§ **Task requirements**: Begin with the first line below and retype each line exactly through the line containing "チェコ製 ハンドメイドガラスの指輪 楕円 緑×青シラー". Any pictures are to be left out.

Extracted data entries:

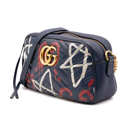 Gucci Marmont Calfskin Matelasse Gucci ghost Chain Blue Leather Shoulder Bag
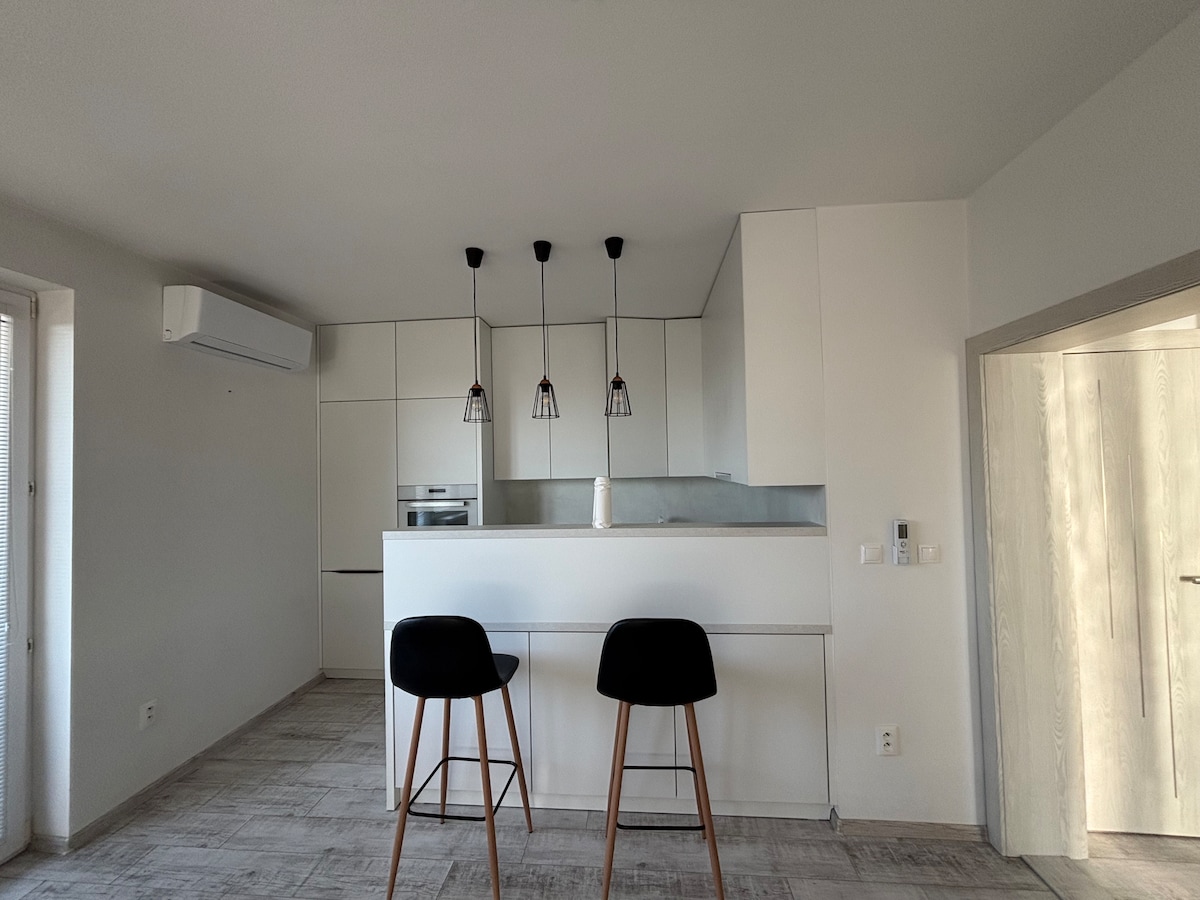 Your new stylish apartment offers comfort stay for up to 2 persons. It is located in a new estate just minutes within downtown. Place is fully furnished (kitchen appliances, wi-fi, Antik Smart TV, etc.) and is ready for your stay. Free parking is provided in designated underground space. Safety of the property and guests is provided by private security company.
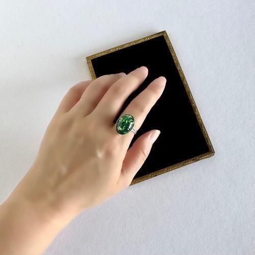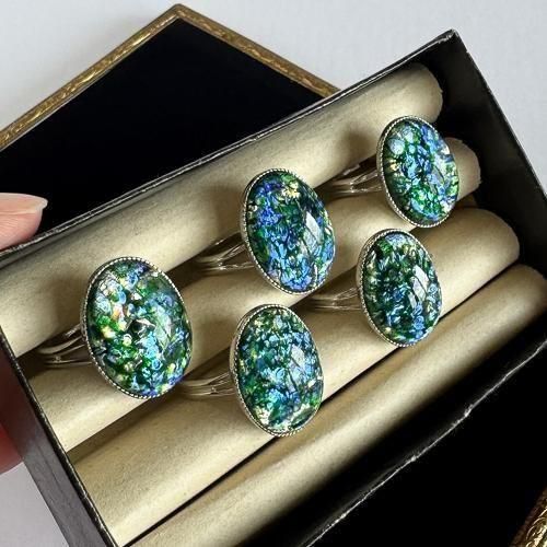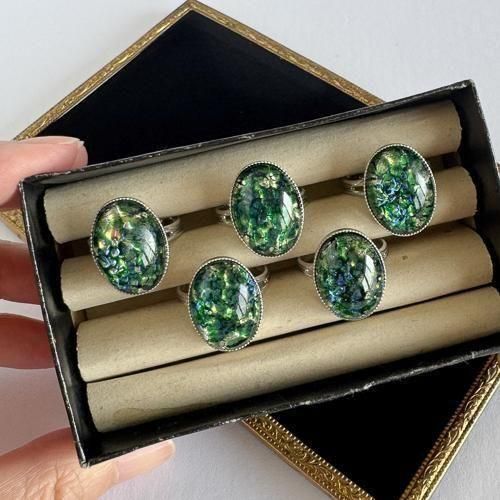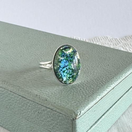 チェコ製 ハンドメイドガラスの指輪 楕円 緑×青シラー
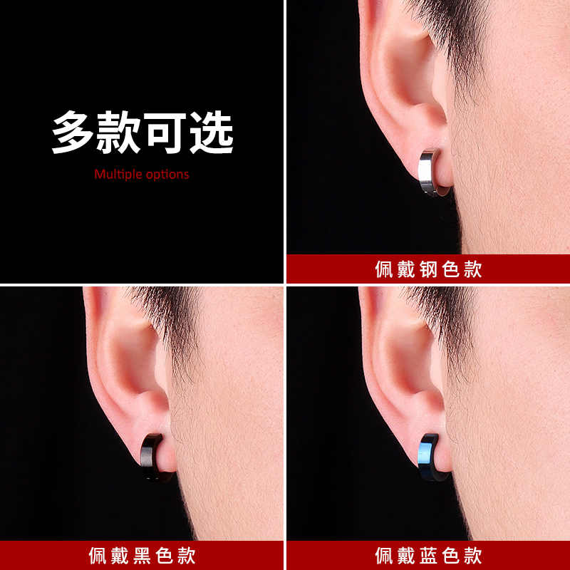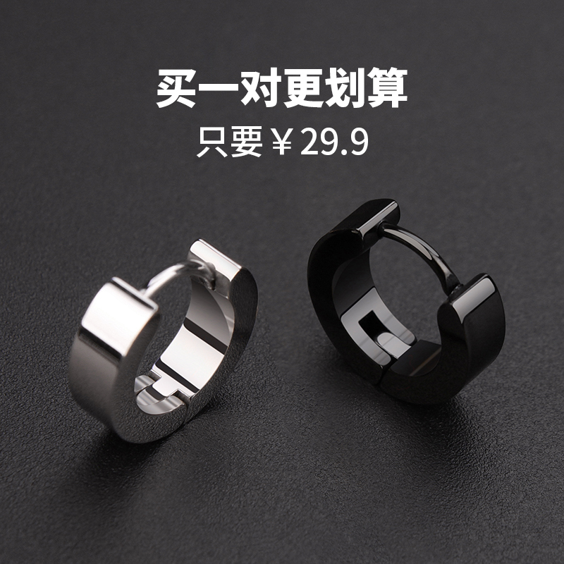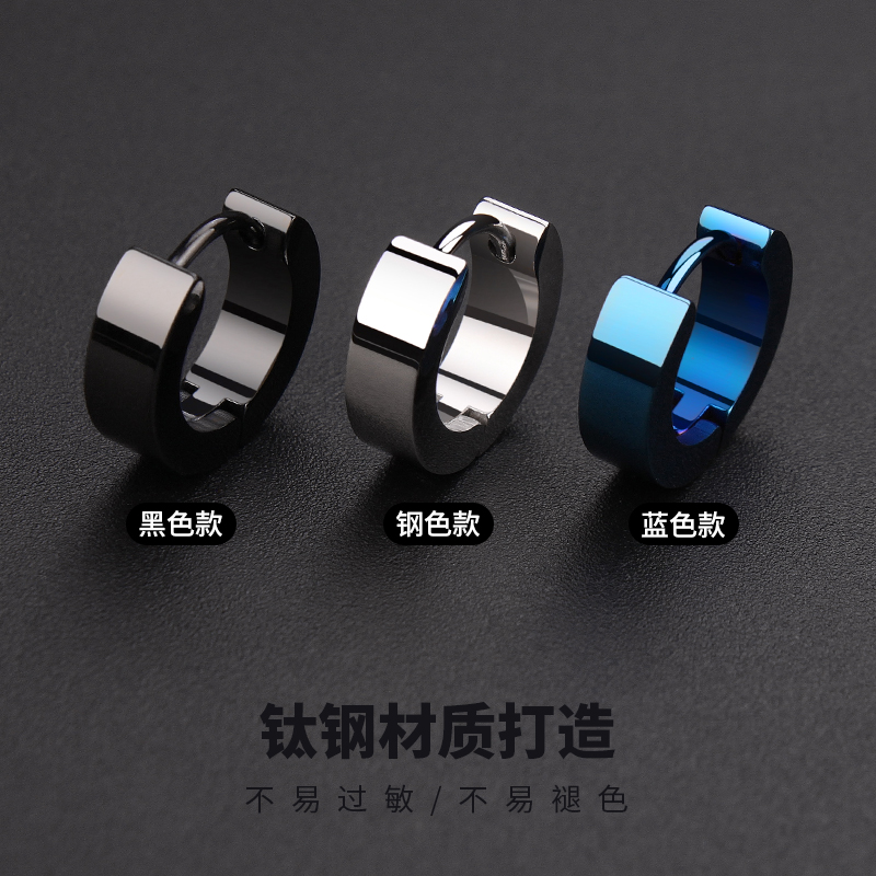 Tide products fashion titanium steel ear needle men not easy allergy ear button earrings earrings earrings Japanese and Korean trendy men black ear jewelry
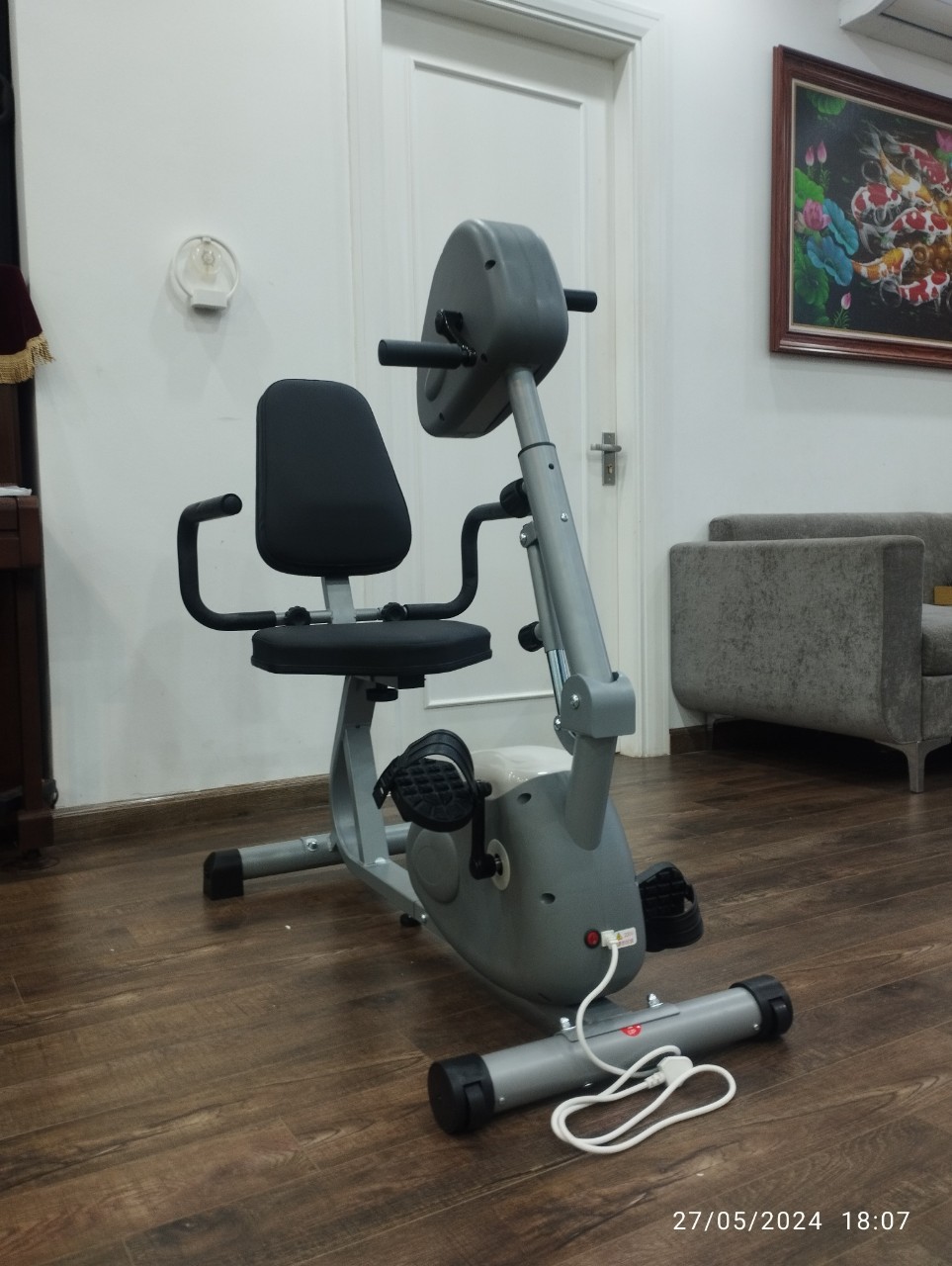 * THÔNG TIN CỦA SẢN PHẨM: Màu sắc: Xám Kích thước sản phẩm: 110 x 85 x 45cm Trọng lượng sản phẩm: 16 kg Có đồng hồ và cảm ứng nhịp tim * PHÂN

§ **Expected answer**:
 Gucci Marmont Calfskin Matelasse Gucci ghost Chain Blue Leather Shoulder Bag
 Your new stylish apartment offers comfort stay for up to 2 persons. It is located in a new estate just minutes within downtown. Place is fully furnished (kitchen appliances, wi-fi, Antik Smart TV, etc.) and is ready for your stay. Free parking is provided in designated underground space. Safety of the property and guests is provided by private security company.
 チェコ製 ハンドメイドガラスの指輪 楕円 緑×青シラー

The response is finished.